На что надеялись, если все так, если исхода не было иного, кроме как в землю, в яму, вырытую пленными, куда сносили по утрам окостеневшие тела умерших за ночь братьев по несчастью, и опускали в глубь земли, не зарывая, и жестко стукались, скатившись, мертвецы обледенелой мертвой головой о кости ранешных, вчерашних мертвецов?.. Неужто верили всерьез, что могут они дождаться наступления наших, неужто верили всерьез, что не построят их цепочкой в затылок перед ямой — кончать всех разом, только станет под ногами у тутошних немцев совсем горячо?..

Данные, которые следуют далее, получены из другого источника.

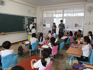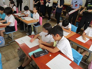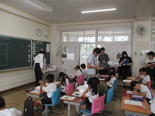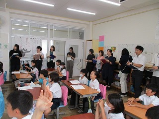 本校では子どもたちが「考える楽しさ」「できる喜び」を感じられる授業づくりのために、教師の授業力の向上に向けて研修を積んでいます。今日は2年1組の算数の授業を参観しました。かっこ「( )」を使って、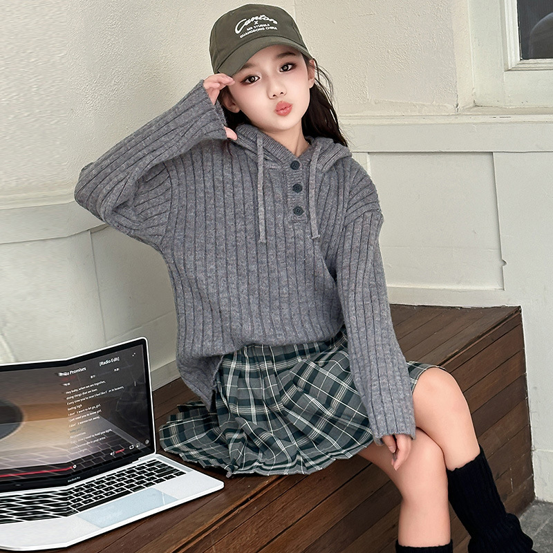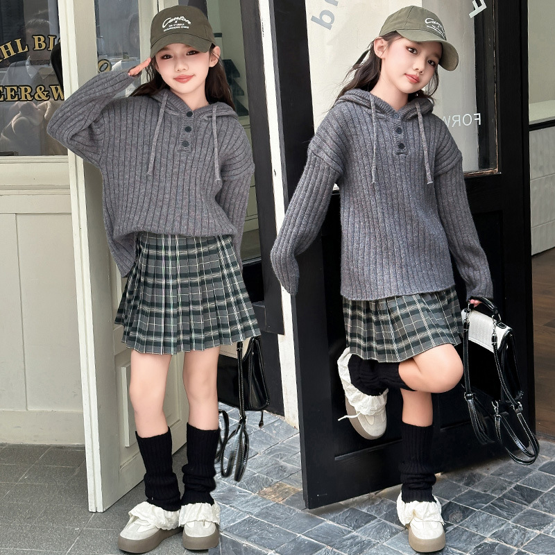 소녀 가을 투피스 세트 2025 새로운 어린이 유행 한국 스웨터 큰 어린이 소녀 가을 주름 치마스토어 가기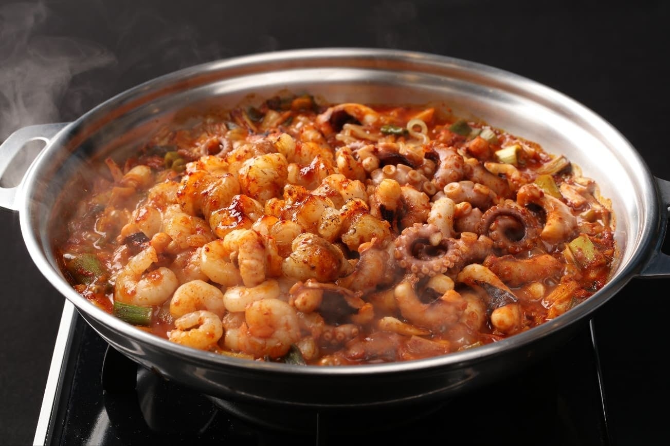 名物ナッコプセは、韓国から直送される手長だこ=“ナッチ”、ホルモン=“コプチャン”、えび=“セウ”の頭文字を組み合わせた、釜山の港町ならではの郷土料理として知られるピリ辛の鍋料理で、テーブル上のコンロで加熱し、具材が煮える過程も楽しむことができます。

Расчет, расчет был, что погонят однажды на работу в город — асфальт класть, разбирать-укладывать бордюрный камень, мостовую… великая возможность появлялась смыться у них в городе: это отсюда не рванешься, сквозь колючку, сквозь заграждение под высоким напряжением, это вот здесь, на маленьком, удобренным телами павших и замученных, насквозь просвеченном, открытом лоскуте земли ты под приглядом днем и ночью неусыпным, это вот здесь все ночью залито бесстрастно ясным светом прожекторов на вышках, это вот здесь всё ловят, все обрывки разговоров, все шепотки, кивки и перемигивания бригадиры — свои же пленные, что за паек нанялись к немцам надзирать за лагерной пылью и погонять нещадно трудников, лютуя еще пуще лагерной охраны. А в городе родном, знакомом с детства до прожилок, несметь имелось щелок, в которые возможно было юркнуть, несметь лакун, пролаз, ходов для бегства, известных лишь аборигену; совсем другой пригляд там был, охрана — сонно-разморенная, ленивая, томящаяся в ожидании смены и утомленно давящая частые зевки… возможно, и благожелательная даже, из тех полицаев, что их узнавали, старинных довоенных кумиров Киева, в лицо, из тех, что и глаза могли при случае закрыть на их поползновения, шаг в сторону, к побегу.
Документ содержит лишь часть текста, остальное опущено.